● WHAT YOU NEED TO DO
Every line below needs to be returned exactly as written.

● SUPPLIED INFORMATION
Start of Block

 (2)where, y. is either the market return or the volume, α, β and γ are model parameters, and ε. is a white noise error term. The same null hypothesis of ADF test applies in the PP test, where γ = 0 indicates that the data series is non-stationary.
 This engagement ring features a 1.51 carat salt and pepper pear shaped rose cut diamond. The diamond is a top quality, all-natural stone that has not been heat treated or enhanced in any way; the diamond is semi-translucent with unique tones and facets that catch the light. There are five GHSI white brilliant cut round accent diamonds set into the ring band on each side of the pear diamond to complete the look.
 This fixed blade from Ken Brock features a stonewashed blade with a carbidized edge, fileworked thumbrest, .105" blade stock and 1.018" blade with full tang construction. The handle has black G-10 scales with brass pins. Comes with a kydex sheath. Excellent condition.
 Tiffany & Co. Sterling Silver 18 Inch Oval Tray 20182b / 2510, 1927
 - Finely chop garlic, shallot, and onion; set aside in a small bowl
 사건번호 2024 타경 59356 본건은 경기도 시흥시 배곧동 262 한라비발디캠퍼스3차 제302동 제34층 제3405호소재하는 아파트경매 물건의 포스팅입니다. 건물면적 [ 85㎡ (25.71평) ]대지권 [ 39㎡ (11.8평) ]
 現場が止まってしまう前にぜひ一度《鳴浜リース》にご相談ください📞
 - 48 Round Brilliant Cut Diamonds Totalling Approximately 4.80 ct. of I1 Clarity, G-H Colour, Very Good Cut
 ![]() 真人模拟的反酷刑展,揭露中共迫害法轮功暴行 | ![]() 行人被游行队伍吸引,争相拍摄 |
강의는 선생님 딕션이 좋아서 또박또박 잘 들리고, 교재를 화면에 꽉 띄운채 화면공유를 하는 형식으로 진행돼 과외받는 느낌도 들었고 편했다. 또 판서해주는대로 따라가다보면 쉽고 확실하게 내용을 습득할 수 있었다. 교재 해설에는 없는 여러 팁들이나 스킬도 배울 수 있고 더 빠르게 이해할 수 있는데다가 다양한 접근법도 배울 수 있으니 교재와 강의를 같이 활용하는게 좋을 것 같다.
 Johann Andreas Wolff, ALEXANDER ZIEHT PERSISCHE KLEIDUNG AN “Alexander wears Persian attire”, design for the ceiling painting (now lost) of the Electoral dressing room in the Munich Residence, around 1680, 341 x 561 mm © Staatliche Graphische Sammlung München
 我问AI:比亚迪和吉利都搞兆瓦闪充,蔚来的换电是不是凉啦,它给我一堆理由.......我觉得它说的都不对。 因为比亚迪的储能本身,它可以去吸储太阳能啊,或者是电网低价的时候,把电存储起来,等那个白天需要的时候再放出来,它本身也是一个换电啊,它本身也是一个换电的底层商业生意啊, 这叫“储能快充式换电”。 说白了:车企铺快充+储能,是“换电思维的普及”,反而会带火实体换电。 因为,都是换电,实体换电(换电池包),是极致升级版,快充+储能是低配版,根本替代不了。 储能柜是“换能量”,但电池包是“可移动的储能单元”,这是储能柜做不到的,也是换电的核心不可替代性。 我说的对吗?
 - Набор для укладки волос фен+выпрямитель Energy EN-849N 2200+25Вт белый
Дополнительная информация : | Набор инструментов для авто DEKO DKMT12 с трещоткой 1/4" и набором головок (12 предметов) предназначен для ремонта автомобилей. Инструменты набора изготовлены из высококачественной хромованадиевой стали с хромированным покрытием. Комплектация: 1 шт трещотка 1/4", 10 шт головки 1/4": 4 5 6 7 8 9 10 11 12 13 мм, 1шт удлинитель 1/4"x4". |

End of Block

● PROBLEM SOLUTION
 (2)where, y. is either the market return or the volume, α, β and γ are model parameters, and ε. is a white noise error term. The same null hypothesis of ADF test applies in the PP test, where γ = 0 indicates that the data series is non-stationary.
 This engagement ring features a 1.51 carat salt and pepper pear shaped rose cut diamond. The diamond is a top quality, all-natural stone that has not been heat treated or enhanced in any way; the diamond is semi-translucent with unique tones and facets that catch the light. There are five GHSI white brilliant cut round accent diamonds set into the ring band on each side of the pear diamond to complete the look.
 This fixed blade from Ken Brock features a stonewashed blade with a carbidized edge, fileworked thumbrest, .105" blade stock and 1.018" blade with full tang construction. The handle has black G-10 scales with brass pins. Comes with a kydex sheath. Excellent condition.
 Tiffany & Co. Sterling Silver 18 Inch Oval Tray 20182b / 2510, 1927
 - Finely chop garlic, shallot, and onion; set aside in a small bowl
 사건번호 2024 타경 59356 본건은 경기도 시흥시 배곧동 262 한라비발디캠퍼스3차 제302동 제34층 제3405호소재하는 아파트경매 물건의 포스팅입니다. 건물면적 [ 85㎡ (25.71평) ]대지권 [ 39㎡ (11.8평) ]
 現場が止まってしまう前にぜひ一度《鳴浜リース》にご相談ください📞
 - 48 Round Brilliant Cut Diamonds Totalling Approximately 4.80 ct. of I1 Clarity, G-H Colour, Very Good Cut
 ![]() 真人模拟的反酷刑展,揭露中共迫害法轮功暴行 | ![]() 行人被游行队伍吸引,争相拍摄 |
강의는 선생님 딕션이 좋아서 또박또박 잘 들리고, 교재를 화면에 꽉 띄운채 화면공유를 하는 형식으로 진행돼 과외받는 느낌도 들었고 편했다. 또 판서해주는대로 따라가다보면 쉽고 확실하게 내용을 습득할 수 있었다. 교재 해설에는 없는 여러 팁들이나 스킬도 배울 수 있고 더 빠르게 이해할 수 있는데다가 다양한 접근법도 배울 수 있으니 교재와 강의를 같이 활용하는게 좋을 것 같다.
 Johann Andreas Wolff, ALEXANDER ZIEHT PERSISCHE KLEIDUNG AN “Alexander wears Persian attire”, design for the ceiling painting (now lost) of the Electoral dressing room in the Munich Residence, around 1680, 341 x 561 mm © Staatliche Graphische Sammlung München
 我问AI:比亚迪和吉利都搞兆瓦闪充,蔚来的换电是不是凉啦,它给我一堆理由.......我觉得它说的都不对。 因为比亚迪的储能本身,它可以去吸储太阳能啊,或者是电网低价的时候,把电存储起来,等那个白天需要的时候再放出来,它本身也是一个换电啊,它本身也是一个换电的底层商业生意啊, 这叫“储能快充式换电”。 说白了:车企铺快充+储能,是“换电思维的普及”,反而会带火实体换电。 因为,都是换电,实体换电(换电池包),是极致升级版,快充+储能是低配版,根本替代不了。 储能柜是“换能量”,但电池包是“可移动的储能单元”,这是储能柜做不到的,也是换电的核心不可替代性。 我说的对吗?
 - Набор для укладки волос фен+выпрямитель Energy EN-849N 2200+25Вт белый
Дополнительная информация : | Набор инструментов для авто DEKO DKMT12 с трещоткой 1/4" и набором головок (12 предметов) предназначен для ремонта автомобилей. Инструменты набора изготовлены из высококачественной хромованадиевой стали с хромированным покрытием. Комплектация: 1 шт трещотка 1/4", 10 шт головки 1/4": 4 5 6 7 8 9 10 11 12 13 мм, 1шт удлинитель 1/4"x4". |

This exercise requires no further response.